→ **Activity**
Take the lines from the line containing "- 안감(없음),촉감(적당" through the end of the entries and output them exactly, with no pictures and nothing more.

→ **Given data**
-=-=-=-=-

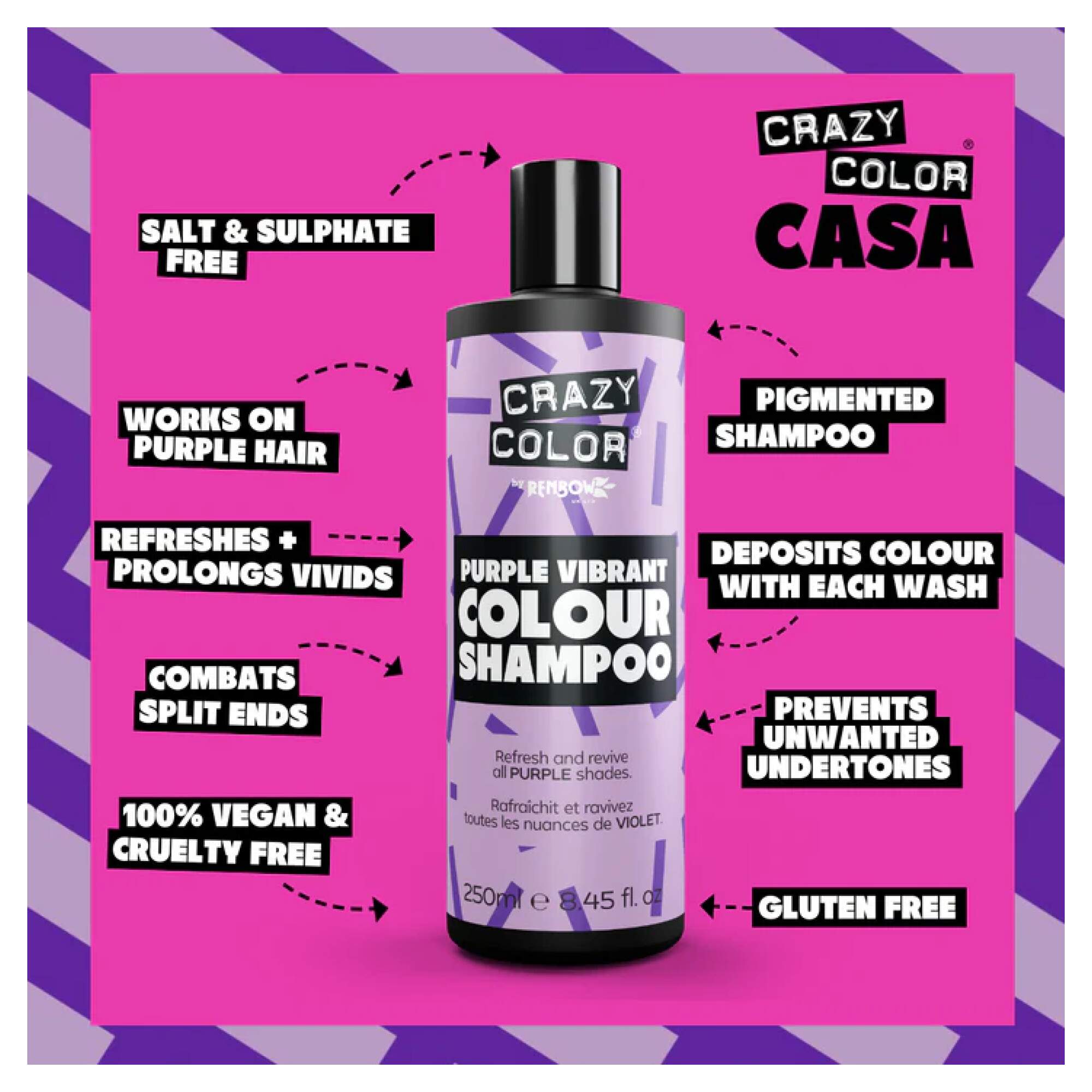 It works with any purple shade and has a Sulphate and Salt free formula, eliminating colour fade, dry hair and split ends.
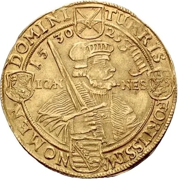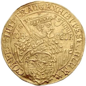 Bust of Johann Georg wearing an electoral hat, holding the electoral sword. Inscription encircles, coat of arms beneath.
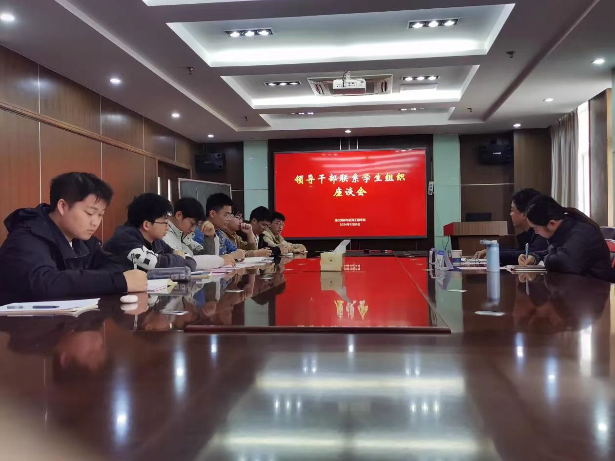 12月6日下午,SEX8 组织领导干部联系学生组织座谈会,学院党委书记张雪刚、团委书记廖芳艺老师、港航院学生会主席团及部门负责人出席本次会议。
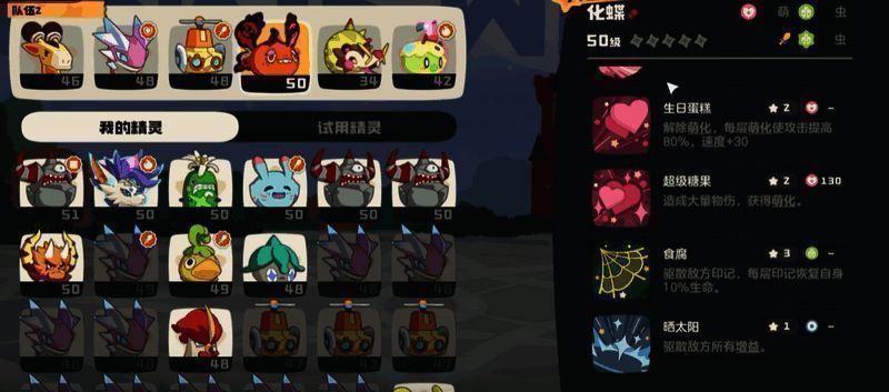 在属性上化蝶需要抓固执性格的精灵,这个性格可以增加魔攻魔防,技能上携带生日蛋糕、超级糖果、食腐以及晒太阳等技能。
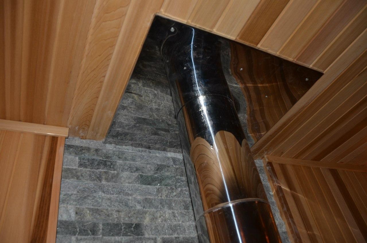 Обдумывая, как установить трубу в бане через потолок, обязательно уделите внимание такому немаловажному фактору, как выбор подходящего места для прохода перекрытия для дымохода. Основная функция переходника — защита от возгорания
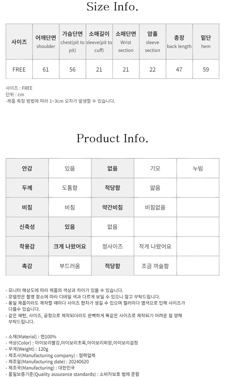 - 안감(없음),촉감(적당함),착용감(크게나옴),신축성(있음),두께감(적당함),비침(약간비침),사이즈(44~77)
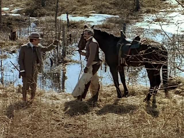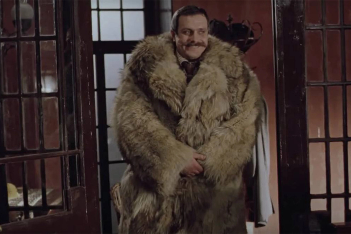 Единственное, что разочаровывает меня в этом фильме, так это образ сэра Генри, этого самого американского наследничка сэра Чарльза (Никита Михалков). Дело в том, что сэр Генри производит впечатление человека, скажем так, если уж не слабоумного, то недалёкого точно. В нелепых одеждах, без намёка на какие-либо манеры, невоспитанный, со склонностью к алкоголизму. Какая-то безобразная шуба, широкий кожаный пояс, больше похожий на ортопедический корсет, а вдобавок ко всему еще и вот это:
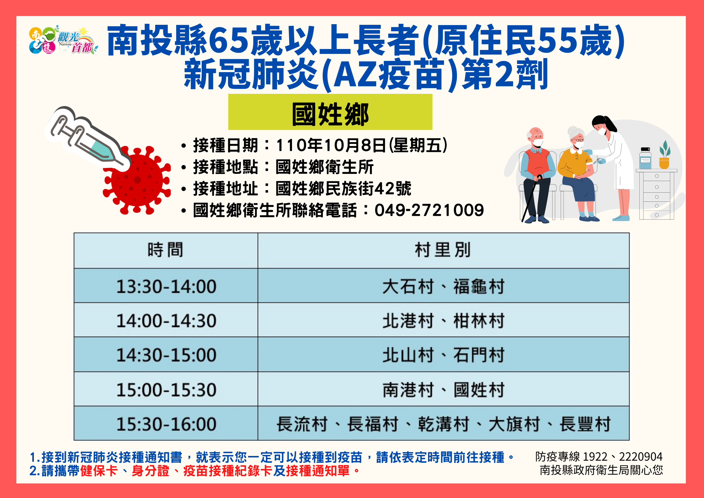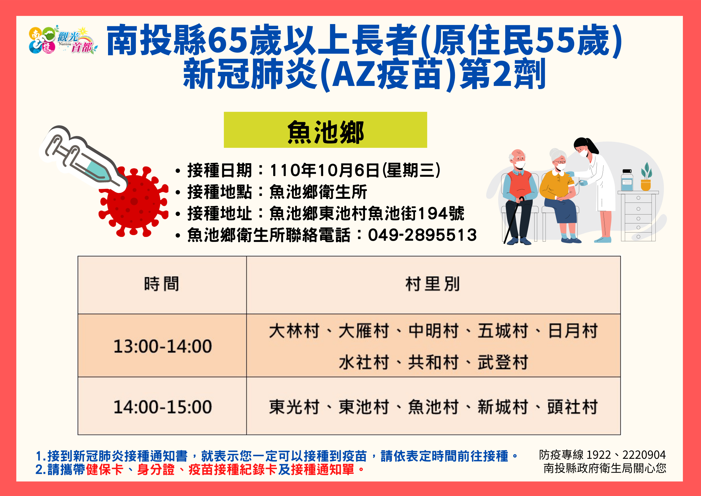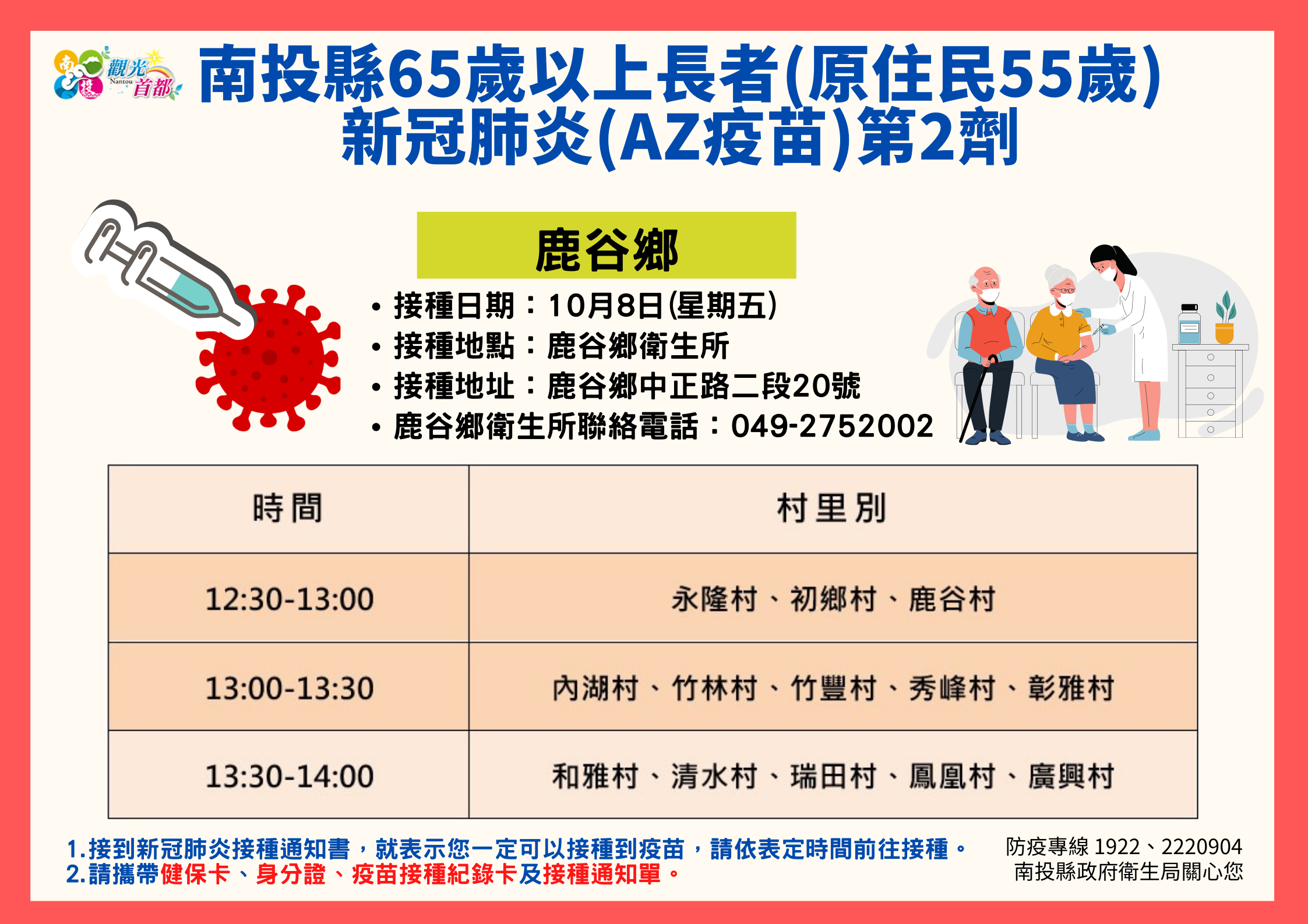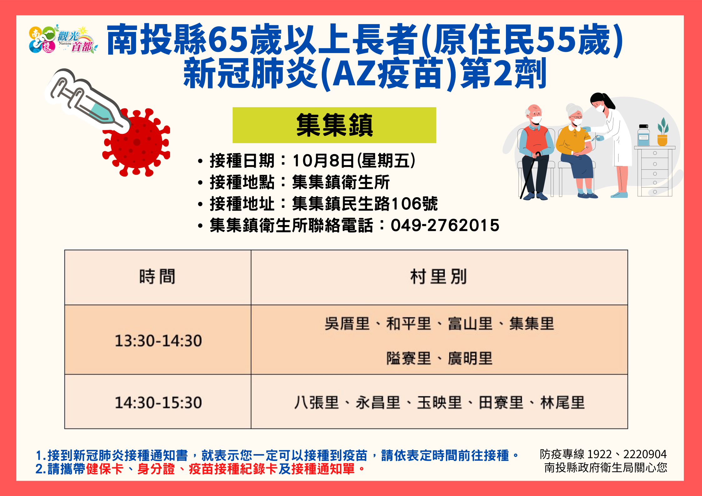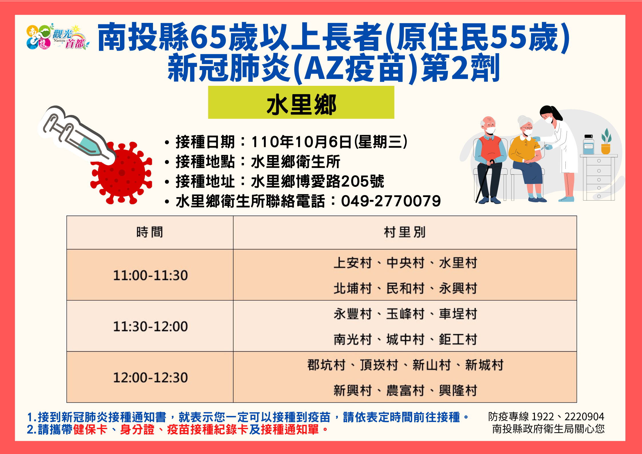 防疫宣傳 居家照護關懷手冊 防疫補助 勞工紓困 農漁畜牧 觀光紓困 企業紓困 租稅紓困 藝文紓困 中央各部會防疫專區 首頁 防疫宣傳 南投縣65歲以上(原... 南投縣65歲以上(原民55歲)長者接種AZ第2劑各鄉鎮市日程 公佈單位:新聞及行政處 發佈日期:110/10/4

-=-=-=-=-

→ **Result for this task**
 - 안감(없음),촉감(적당함),착용감(크게나옴),신축성(있음),두께감(적당함),비침(약간비침),사이즈(44~77)
 Единственное, что разочаровывает меня в этом фильме, так это образ сэра Генри, этого самого американского наследничка сэра Чарльза (Никита Михалков). Дело в том, что сэр Генри производит впечатление человека, скажем так, если уж не слабоумного, то недалёкого точно. В нелепых одеждах, без намёка на какие-либо манеры, невоспитанный, со склонностью к алкоголизму. Какая-то безобразная шуба, широкий кожаный пояс, больше похожий на ортопедический корсет, а вдобавок ко всему еще и вот это:
 防疫宣傳 居家照護關懷手冊 防疫補助 勞工紓困 農漁畜牧 觀光紓困 企業紓困 租稅紓困 藝文紓困 中央各部會防疫專區 首頁 防疫宣傳 南投縣65歲以上(原... 南投縣65歲以上(原民55歲)長者接種AZ第2劑各鄉鎮市日程 公佈單位:新聞及行政處 發佈日期:110/10/4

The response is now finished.